Abstract

High-grade gliomas (HGG) carry a poor prognosis, with glioblastoma accounting for almost 50% of primary brain malignancies in the elderly. Unfortunately, despite the use of multiple treatment modalities, the prognosis remains poor in this population. Our preclinical studies suggest that the presence of aromatase expression, encoded by CYP19A1, is significantly upregulated in HGGs. Remarkably, we find that letrozole (LTZ), an FDA-approved aromatase inhibitor, has marked activity against HGGs. We conducted a phase 0/I single-center clinical trial (NCT03122197) to assess the tumoral availability, pharmacokinetics (PK), safety, and tolerability of LTZ in recurrent patients with HGG. Planned dose cohorts included 2.5, 5, 10, 12.5, 15, 17.5, and 20 mg of LTZ administered daily pre- and postsurgery or biopsy. Tumor samples were assayed for LTZ content and relevant biomarkers.
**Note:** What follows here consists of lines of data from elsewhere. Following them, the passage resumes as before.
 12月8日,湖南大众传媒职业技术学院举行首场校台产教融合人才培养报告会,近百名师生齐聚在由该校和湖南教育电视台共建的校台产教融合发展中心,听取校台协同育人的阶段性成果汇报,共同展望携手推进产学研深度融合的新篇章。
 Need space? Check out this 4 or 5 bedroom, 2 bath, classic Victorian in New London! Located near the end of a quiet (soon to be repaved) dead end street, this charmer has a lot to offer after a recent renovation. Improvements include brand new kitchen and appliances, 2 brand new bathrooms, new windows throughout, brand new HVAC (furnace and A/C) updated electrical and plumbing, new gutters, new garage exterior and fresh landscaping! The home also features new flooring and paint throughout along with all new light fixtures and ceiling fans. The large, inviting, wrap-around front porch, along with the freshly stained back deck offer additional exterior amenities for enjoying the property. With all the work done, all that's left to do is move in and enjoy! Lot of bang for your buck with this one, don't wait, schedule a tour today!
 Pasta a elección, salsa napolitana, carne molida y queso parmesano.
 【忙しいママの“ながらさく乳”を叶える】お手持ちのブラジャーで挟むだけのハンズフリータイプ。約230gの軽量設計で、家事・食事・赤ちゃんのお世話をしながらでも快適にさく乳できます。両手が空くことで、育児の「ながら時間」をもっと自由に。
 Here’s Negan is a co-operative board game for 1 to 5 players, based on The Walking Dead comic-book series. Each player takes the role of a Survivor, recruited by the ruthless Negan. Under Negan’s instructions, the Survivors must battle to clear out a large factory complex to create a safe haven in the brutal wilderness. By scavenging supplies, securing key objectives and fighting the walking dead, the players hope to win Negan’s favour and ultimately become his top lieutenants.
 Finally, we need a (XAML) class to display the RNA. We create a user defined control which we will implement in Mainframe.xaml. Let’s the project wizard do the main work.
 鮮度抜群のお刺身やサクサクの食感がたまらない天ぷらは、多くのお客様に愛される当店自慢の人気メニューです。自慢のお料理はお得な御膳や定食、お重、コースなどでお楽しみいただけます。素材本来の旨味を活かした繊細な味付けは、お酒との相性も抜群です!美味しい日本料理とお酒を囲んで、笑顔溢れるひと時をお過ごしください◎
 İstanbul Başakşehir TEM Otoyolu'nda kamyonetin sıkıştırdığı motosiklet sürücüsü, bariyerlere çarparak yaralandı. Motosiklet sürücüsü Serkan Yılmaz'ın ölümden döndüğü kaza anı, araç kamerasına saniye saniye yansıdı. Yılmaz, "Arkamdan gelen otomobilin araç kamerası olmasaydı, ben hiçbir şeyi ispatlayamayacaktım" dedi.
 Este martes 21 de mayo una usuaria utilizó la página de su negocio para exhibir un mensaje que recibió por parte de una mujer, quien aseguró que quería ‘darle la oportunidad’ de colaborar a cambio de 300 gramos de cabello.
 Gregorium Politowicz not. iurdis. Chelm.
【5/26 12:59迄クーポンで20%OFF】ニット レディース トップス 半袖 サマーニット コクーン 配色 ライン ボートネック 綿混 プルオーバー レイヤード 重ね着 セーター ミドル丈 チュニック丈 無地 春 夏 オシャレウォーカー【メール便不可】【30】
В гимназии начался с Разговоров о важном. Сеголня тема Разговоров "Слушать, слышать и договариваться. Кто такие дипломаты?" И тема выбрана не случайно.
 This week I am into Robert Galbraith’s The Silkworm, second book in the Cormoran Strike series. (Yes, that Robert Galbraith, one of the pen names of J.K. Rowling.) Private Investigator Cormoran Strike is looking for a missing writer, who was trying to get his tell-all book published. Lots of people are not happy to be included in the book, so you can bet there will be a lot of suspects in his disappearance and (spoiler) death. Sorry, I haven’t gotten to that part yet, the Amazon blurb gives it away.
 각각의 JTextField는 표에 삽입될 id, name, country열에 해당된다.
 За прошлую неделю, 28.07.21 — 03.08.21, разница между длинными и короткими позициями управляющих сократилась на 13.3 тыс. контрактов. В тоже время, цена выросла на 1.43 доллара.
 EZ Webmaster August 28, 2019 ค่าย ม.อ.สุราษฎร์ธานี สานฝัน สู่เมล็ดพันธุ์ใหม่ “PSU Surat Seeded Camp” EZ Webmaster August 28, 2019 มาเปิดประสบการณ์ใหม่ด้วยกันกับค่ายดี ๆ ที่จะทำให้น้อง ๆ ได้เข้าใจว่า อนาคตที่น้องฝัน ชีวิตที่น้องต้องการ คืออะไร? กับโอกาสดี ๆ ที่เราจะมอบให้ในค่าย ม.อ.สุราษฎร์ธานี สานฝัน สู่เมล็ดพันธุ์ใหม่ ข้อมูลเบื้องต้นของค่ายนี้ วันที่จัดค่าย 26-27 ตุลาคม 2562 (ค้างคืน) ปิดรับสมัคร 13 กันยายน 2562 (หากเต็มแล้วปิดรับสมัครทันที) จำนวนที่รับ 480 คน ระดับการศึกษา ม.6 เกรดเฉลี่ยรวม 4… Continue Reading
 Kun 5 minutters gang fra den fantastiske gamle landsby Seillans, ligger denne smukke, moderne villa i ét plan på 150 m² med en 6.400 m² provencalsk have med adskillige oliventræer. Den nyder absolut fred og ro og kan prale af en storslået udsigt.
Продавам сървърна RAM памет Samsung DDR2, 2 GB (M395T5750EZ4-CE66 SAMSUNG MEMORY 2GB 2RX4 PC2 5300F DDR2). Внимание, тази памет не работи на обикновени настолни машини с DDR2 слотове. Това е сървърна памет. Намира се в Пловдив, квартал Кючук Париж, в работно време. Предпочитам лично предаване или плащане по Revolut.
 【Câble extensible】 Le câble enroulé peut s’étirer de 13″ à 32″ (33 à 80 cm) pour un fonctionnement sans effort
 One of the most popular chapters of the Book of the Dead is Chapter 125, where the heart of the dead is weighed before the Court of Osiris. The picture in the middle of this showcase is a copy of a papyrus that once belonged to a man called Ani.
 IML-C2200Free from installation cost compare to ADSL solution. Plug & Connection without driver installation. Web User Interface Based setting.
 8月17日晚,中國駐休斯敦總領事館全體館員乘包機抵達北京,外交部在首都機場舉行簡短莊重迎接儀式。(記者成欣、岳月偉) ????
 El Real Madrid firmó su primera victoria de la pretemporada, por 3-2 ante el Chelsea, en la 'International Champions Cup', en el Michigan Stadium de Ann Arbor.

The recommended phase 2 dose (R2PD) was determined as the dose that resulted in predicted steady-state tumoral extracellular fluid (ECF; Css,ecf) >2 μmol/L and did not result in ≥33% dose-limiting adverse events (AE) assessed using CTCAE v5.0. Twenty-one patients were enrolled. Common LTZ-related AEs included fatigue, nausea, musculoskeletal, anxiety, and dysphoric mood. No DLTs were observed. The 15 mg dose achieved a Css,ecf of 3.6 ± 0.59 μmol/L. LTZ caused dose-dependent inhibition of estradiol synthesis and modulated DNA damage pathways in tumor tissues as evident using RNA-sequencing analysis. On the basis of safety, brain tumoral PK, and mechanistic data, 15 mg daily is identified as the RP2D for future trials.